**EXERCISE INSTRUCTIONS:**
When you copy from the entries that follow, take only the lines from the one with "White Party is" down to the one with "Miumiu 25 Double-layer", keeping both ends and dropping every picture.

**SUPPLIED ENTRIES:**
┄┄┄┄┄┄
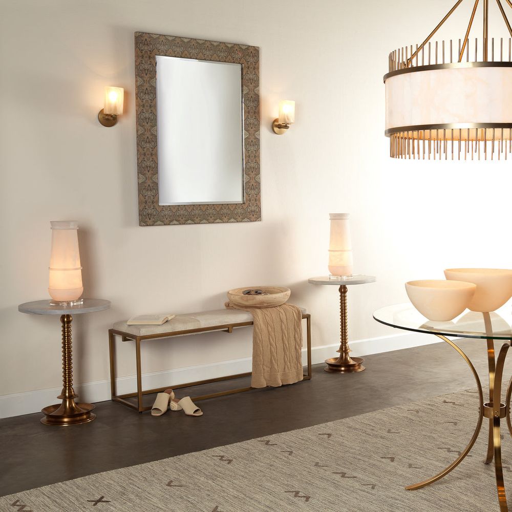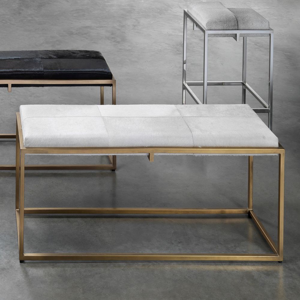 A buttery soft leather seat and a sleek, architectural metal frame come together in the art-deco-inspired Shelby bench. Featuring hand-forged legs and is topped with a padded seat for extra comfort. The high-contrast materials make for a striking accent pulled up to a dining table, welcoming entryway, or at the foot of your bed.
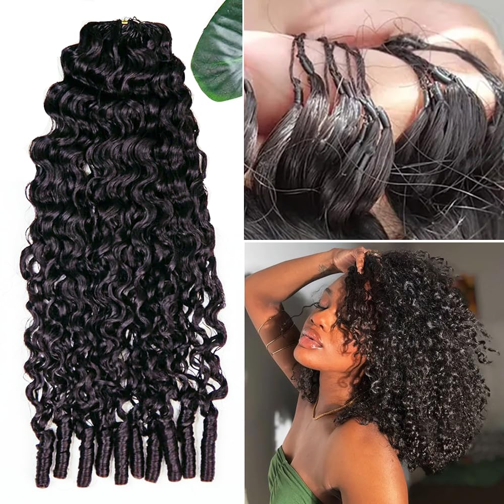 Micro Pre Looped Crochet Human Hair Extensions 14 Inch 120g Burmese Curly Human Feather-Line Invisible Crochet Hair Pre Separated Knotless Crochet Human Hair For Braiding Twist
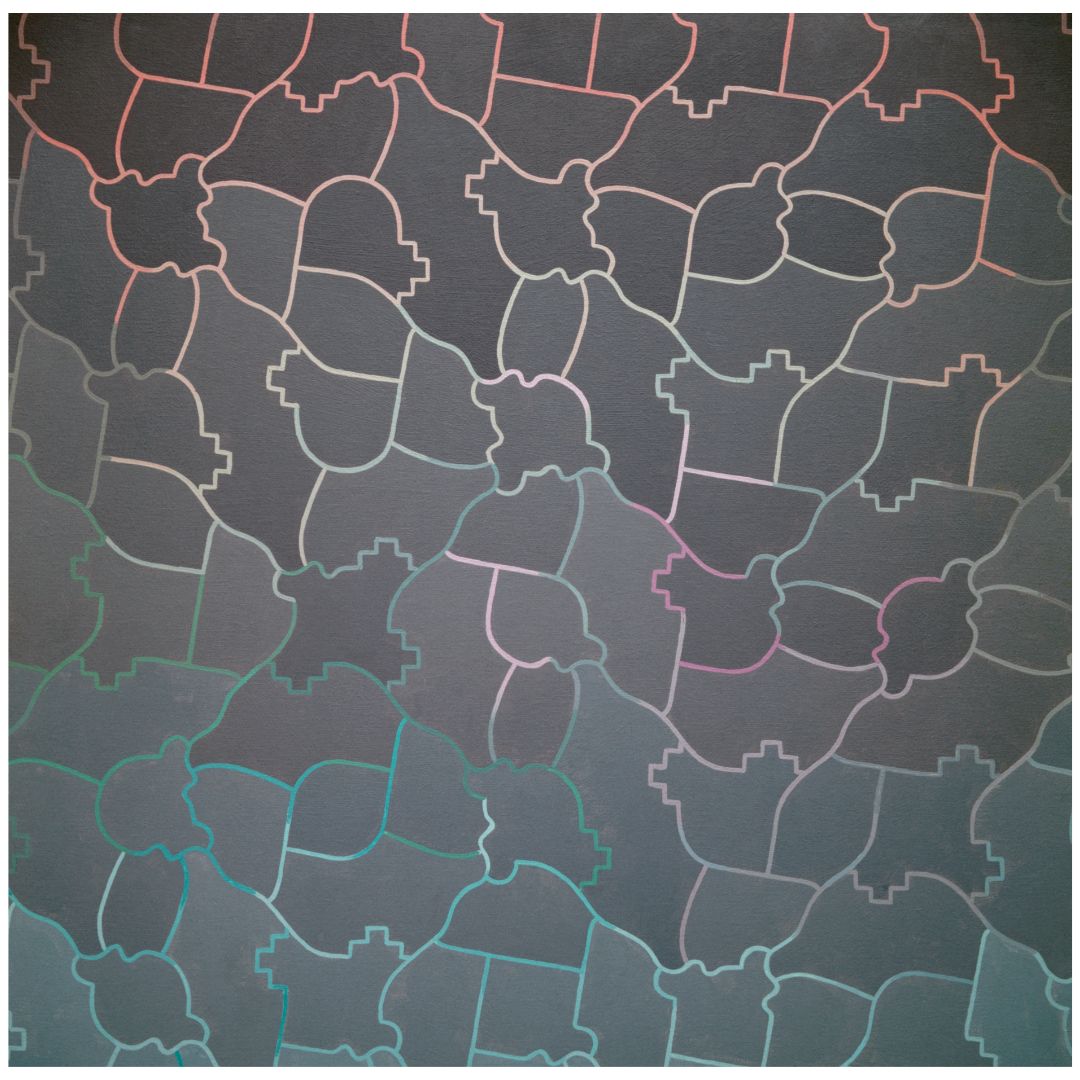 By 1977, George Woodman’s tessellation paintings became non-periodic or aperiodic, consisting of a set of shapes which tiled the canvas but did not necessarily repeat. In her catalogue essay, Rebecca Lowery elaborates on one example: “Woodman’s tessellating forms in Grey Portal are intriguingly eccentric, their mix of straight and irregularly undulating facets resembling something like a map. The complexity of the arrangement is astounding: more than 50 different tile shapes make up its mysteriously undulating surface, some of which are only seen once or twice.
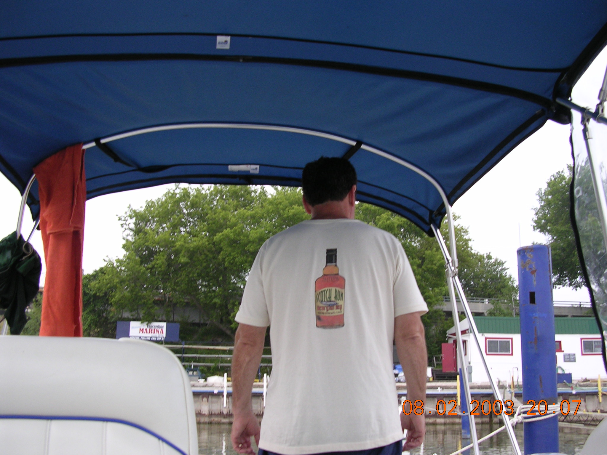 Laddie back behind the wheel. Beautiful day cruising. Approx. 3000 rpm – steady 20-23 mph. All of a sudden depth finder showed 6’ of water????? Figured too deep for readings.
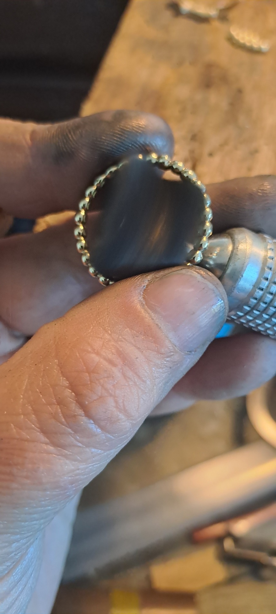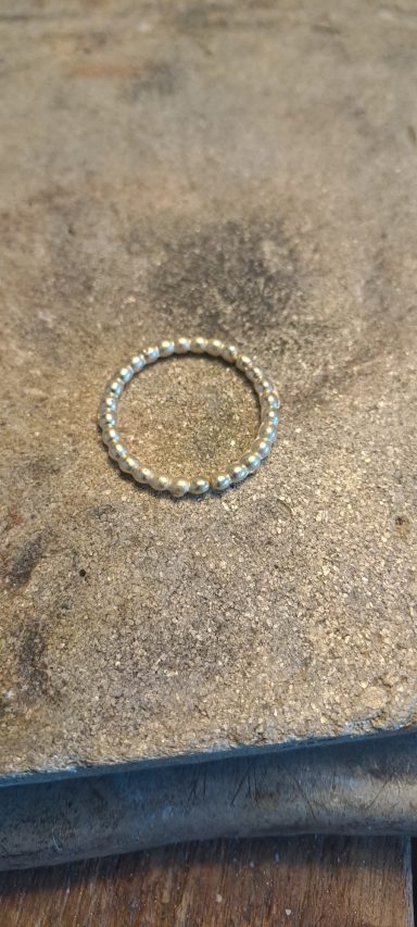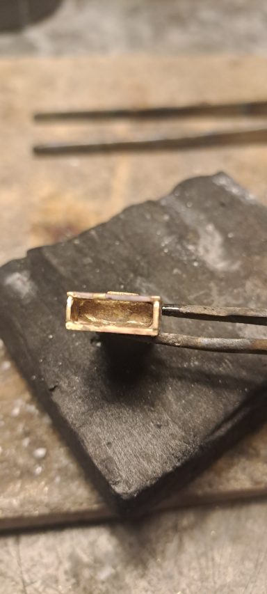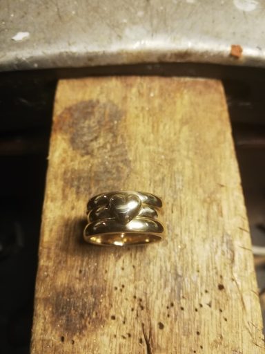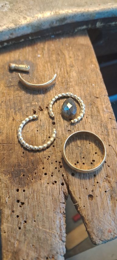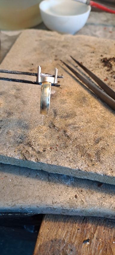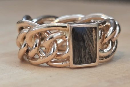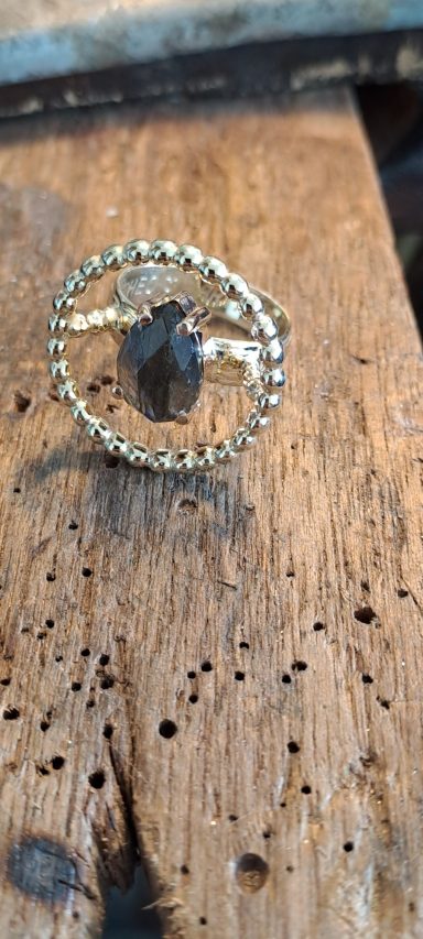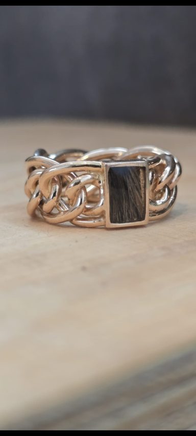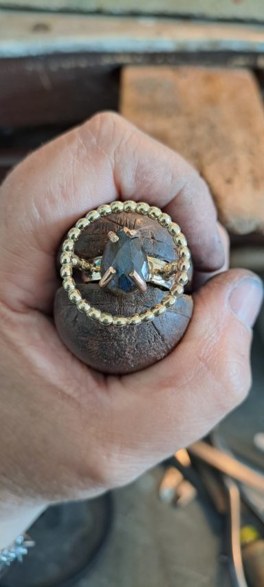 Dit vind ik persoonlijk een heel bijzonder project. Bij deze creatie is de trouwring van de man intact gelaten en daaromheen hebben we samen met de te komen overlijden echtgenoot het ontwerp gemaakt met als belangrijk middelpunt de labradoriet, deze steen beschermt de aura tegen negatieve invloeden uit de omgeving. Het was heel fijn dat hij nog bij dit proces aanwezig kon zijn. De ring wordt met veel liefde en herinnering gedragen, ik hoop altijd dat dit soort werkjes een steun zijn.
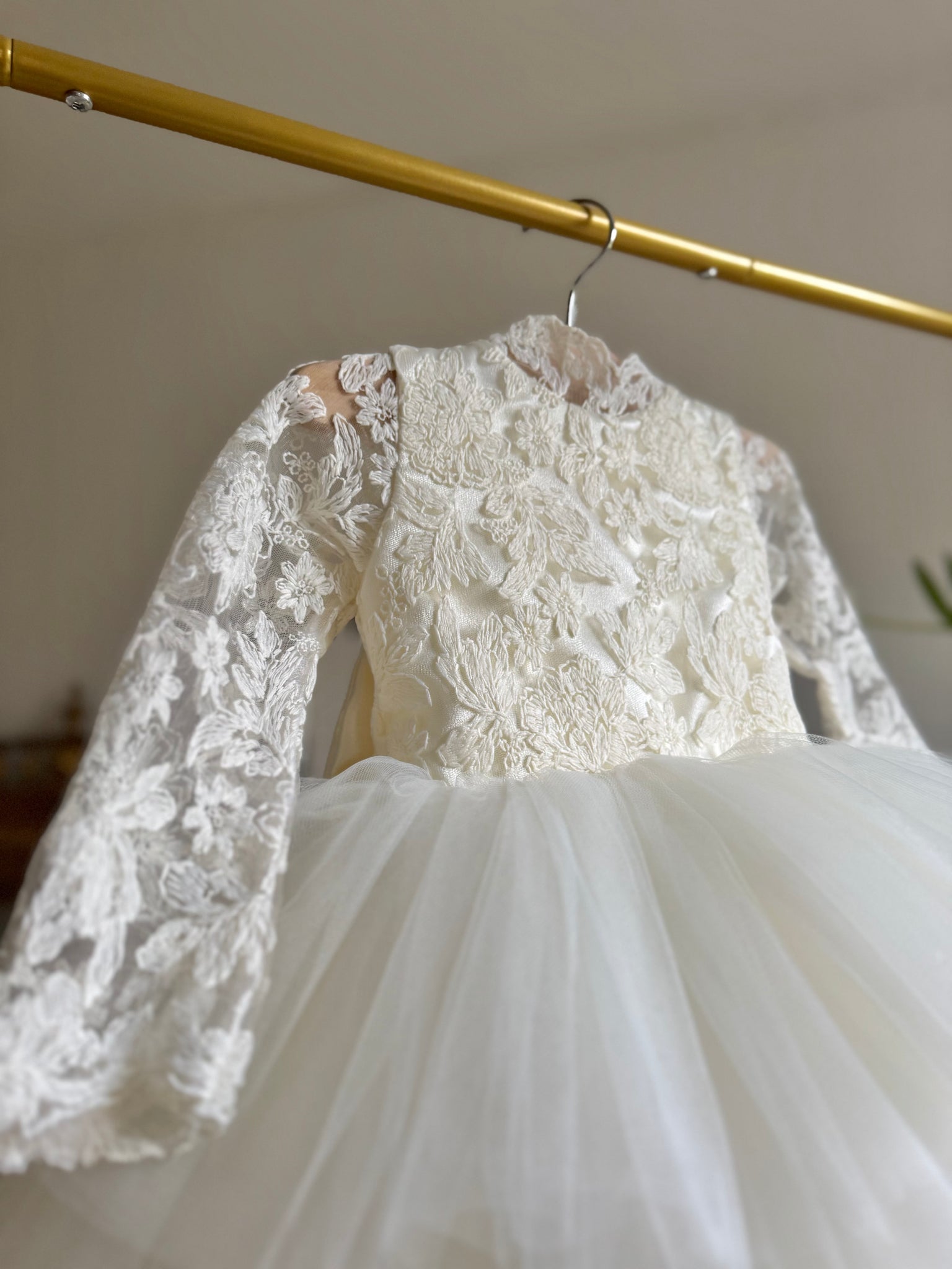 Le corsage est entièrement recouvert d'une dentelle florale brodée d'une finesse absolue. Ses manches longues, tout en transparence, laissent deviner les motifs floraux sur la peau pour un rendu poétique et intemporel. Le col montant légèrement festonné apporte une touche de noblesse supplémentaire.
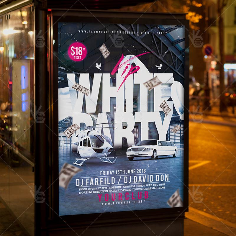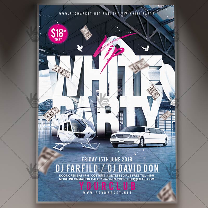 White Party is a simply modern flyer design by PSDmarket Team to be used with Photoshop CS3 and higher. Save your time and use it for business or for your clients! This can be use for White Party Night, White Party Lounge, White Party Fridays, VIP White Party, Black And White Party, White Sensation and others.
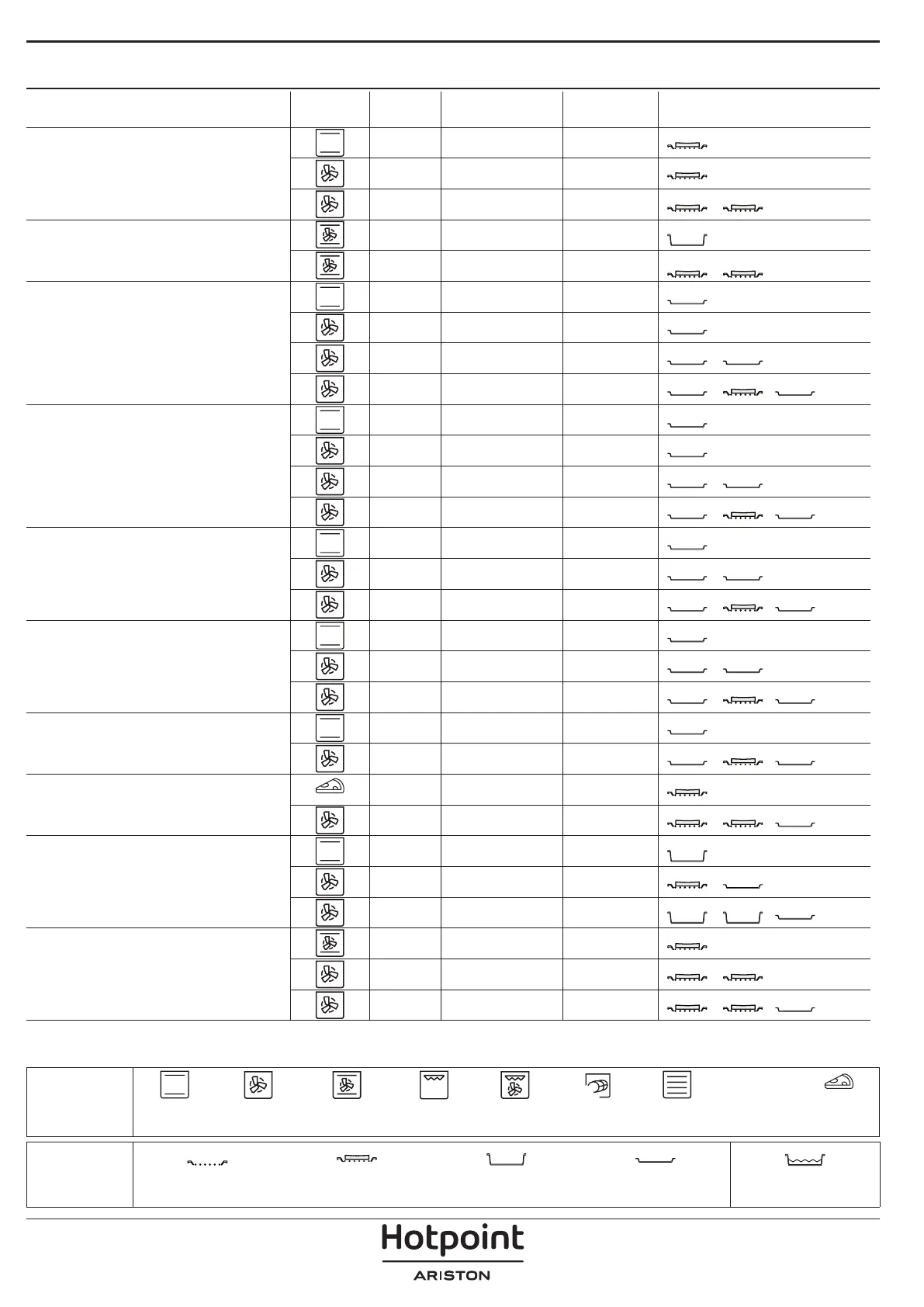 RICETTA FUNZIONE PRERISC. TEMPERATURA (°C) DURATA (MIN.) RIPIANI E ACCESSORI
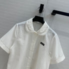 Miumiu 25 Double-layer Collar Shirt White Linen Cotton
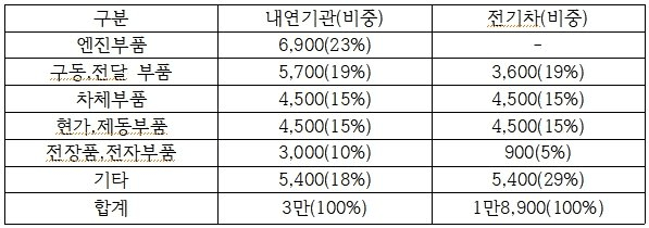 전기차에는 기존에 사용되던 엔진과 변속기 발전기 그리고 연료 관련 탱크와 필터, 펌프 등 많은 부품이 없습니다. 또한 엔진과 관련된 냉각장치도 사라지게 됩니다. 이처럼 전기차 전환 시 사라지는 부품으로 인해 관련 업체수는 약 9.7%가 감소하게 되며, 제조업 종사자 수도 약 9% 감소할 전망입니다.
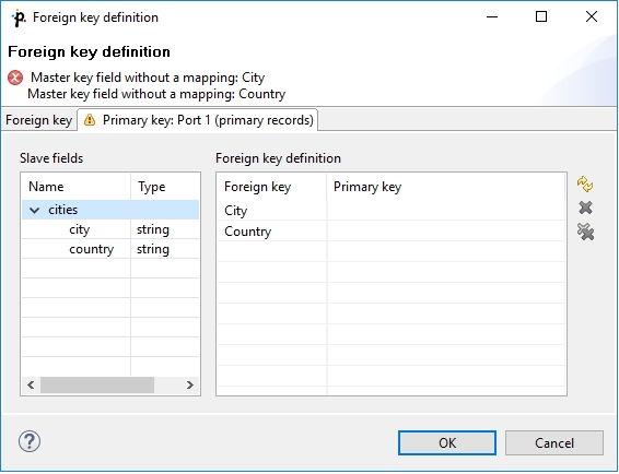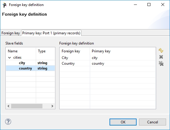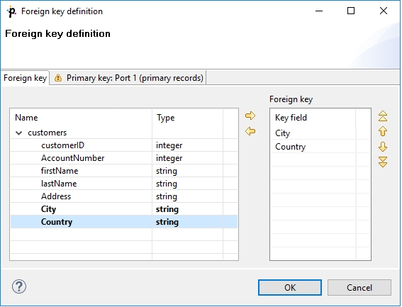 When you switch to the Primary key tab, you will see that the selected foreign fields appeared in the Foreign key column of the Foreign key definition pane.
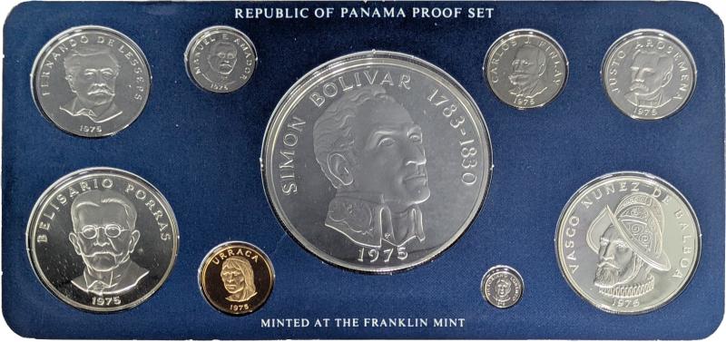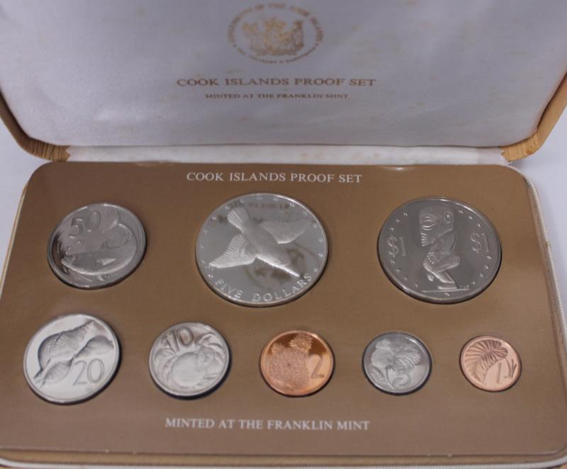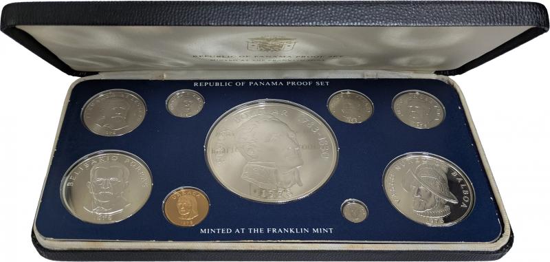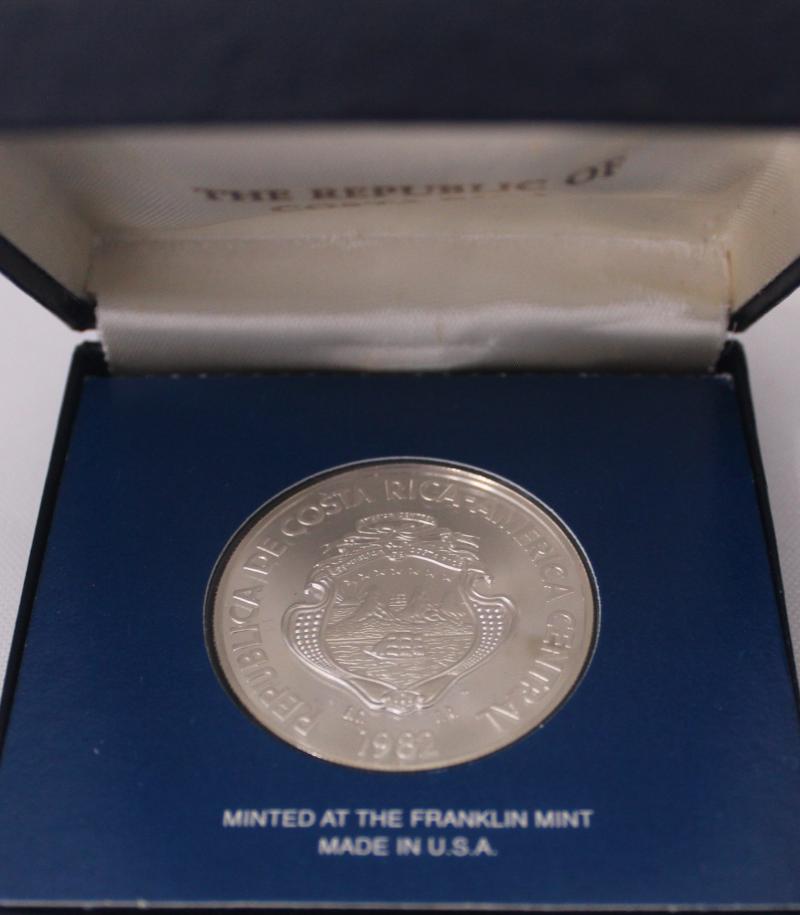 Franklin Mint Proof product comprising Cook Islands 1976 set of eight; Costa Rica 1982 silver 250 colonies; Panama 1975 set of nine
┄┄┄┄┄┄
**SOLUTION TO THIS EXERCISE:**
 White Party is a simply modern flyer design by PSDmarket Team to be used with Photoshop CS3 and higher. Save your time and use it for business or for your clients! This can be use for White Party Night, White Party Lounge, White Party Fridays, VIP White Party, Black And White Party, White Sensation and others.
 RICETTA FUNZIONE PRERISC. TEMPERATURA (°C) DURATA (MIN.) RIPIANI E ACCESSORI
 Miumiu 25 Double-layer Collar Shirt White Linen Cotton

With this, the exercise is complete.